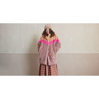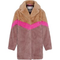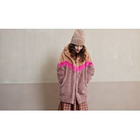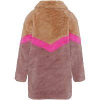 Haili is een zachte imitatie bontjas in een prachtige kleurencombinatie van bruin en lichtroze met een roze streep over de borst. De kraag kan omhoog of omlaag worden geklapt. Het heeft een drukknoop sluiting.
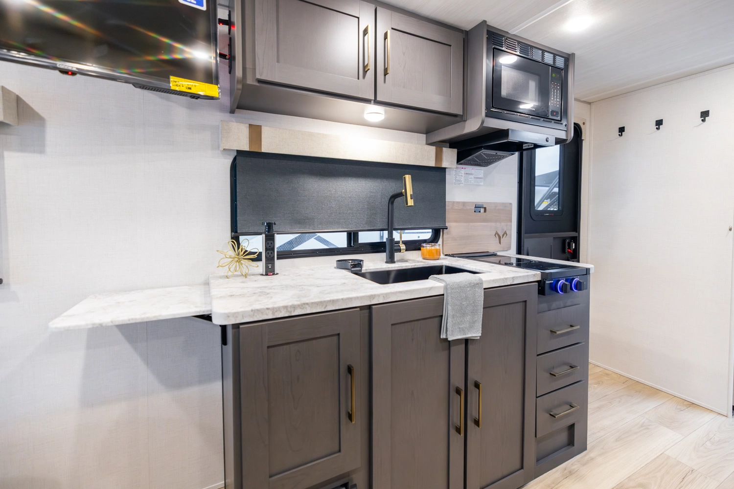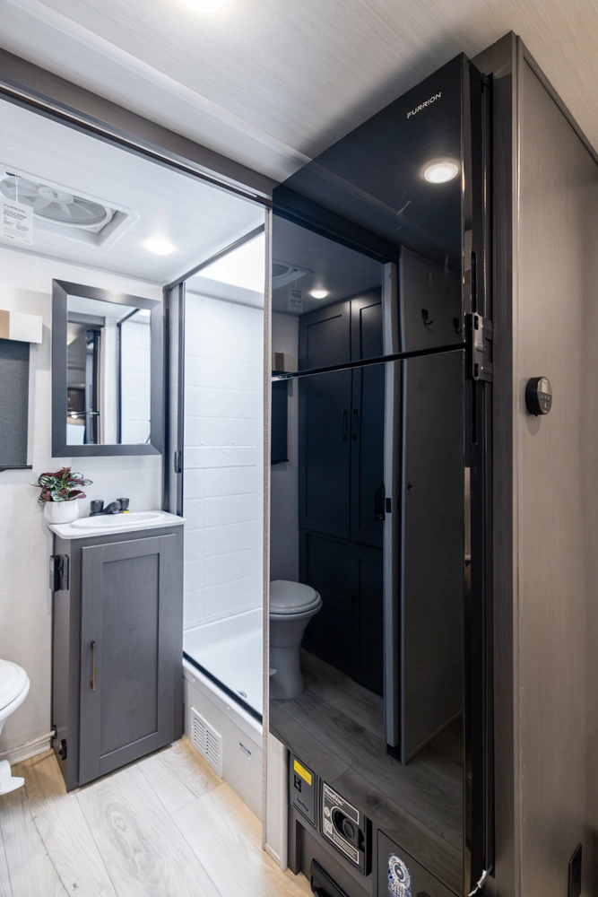 The 19QRB is a feature-rich, tow-friendly travel trailer that blends comfort, function, and durability. A front queen bed provides a cozy retreat with ample storage, while the central kitchen, complete with a large fridge and air fryer microwave to make meal prepping effortless. The slide-out sofa adds spacious comfort for relaxing or entertaining, and the rear bath features an upgraded shower and high-power fan. Built for extended-season use, the 19QRB is ready for adventure.
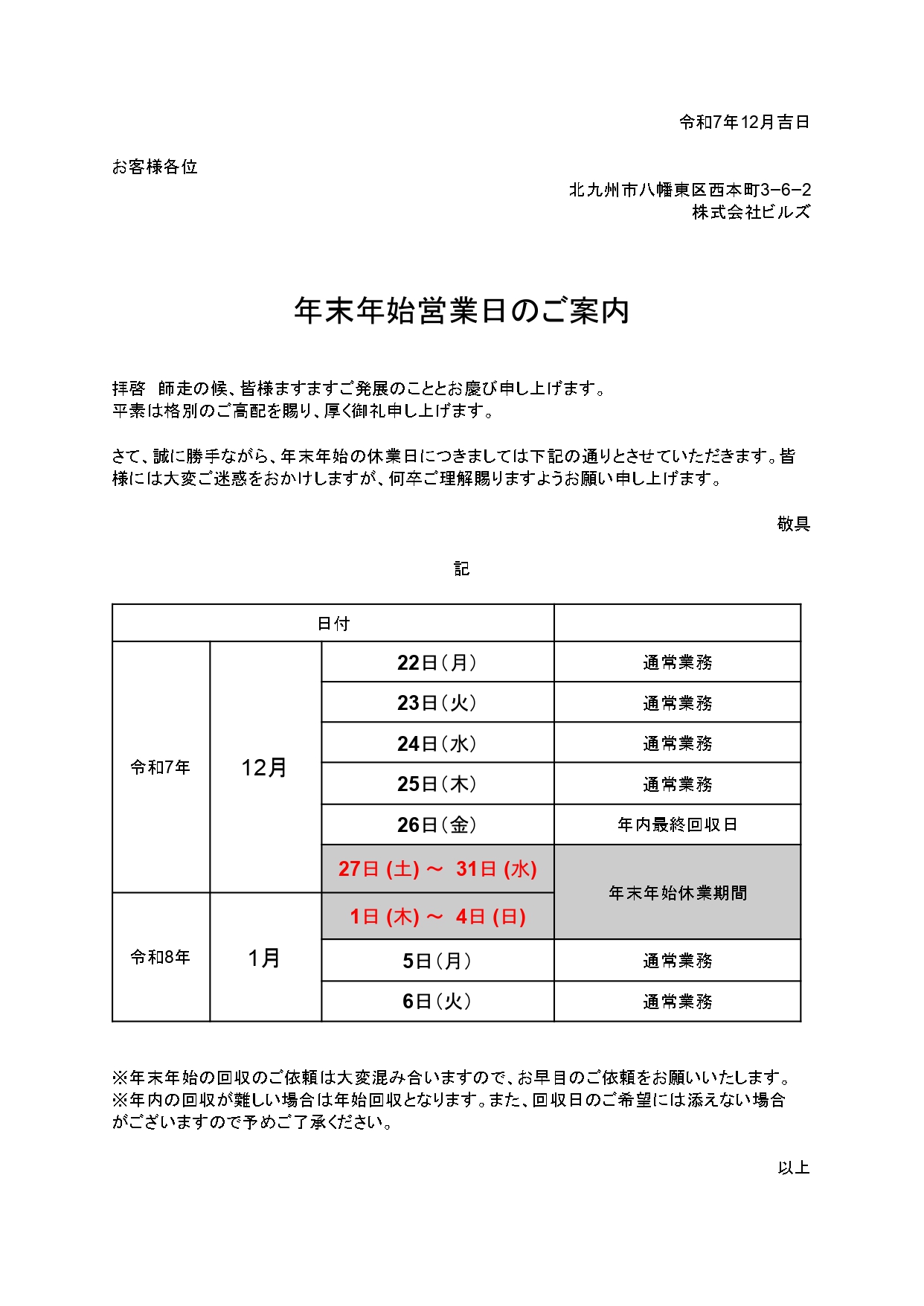 平素は格別のご高配を賜り、厚く御礼申し上げます。 さて、年末年始の休業日につきまして、誠に勝手ながら、下記の通りとさせていていただきます。 皆様には大変ご迷惑をおかけしますが、何卒ご容赦くださいますよう宜しくお願い申し上げます。

══════════════════════════════

**Exercise directions**
Repeat the material exactly. Any picture in it should be dropped.

**Answer to this exercise**
 Haili is een zachte imitatie bontjas in een prachtige kleurencombinatie van bruin en lichtroze met een roze streep over de borst. De kraag kan omhoog of omlaag worden geklapt. Het heeft een drukknoop sluiting.
 The 19QRB is a feature-rich, tow-friendly travel trailer that blends comfort, function, and durability. A front queen bed provides a cozy retreat with ample storage, while the central kitchen, complete with a large fridge and air fryer microwave to make meal prepping effortless. The slide-out sofa adds spacious comfort for relaxing or entertaining, and the rear bath features an upgraded shower and high-power fan. Built for extended-season use, the 19QRB is ready for adventure.
 平素は格別のご高配を賜り、厚く御礼申し上げます。 さて、年末年始の休業日につきまして、誠に勝手ながら、下記の通りとさせていていただきます。 皆様には大変ご迷惑をおかけしますが、何卒ご容赦くださいますよう宜しくお願い申し上げます。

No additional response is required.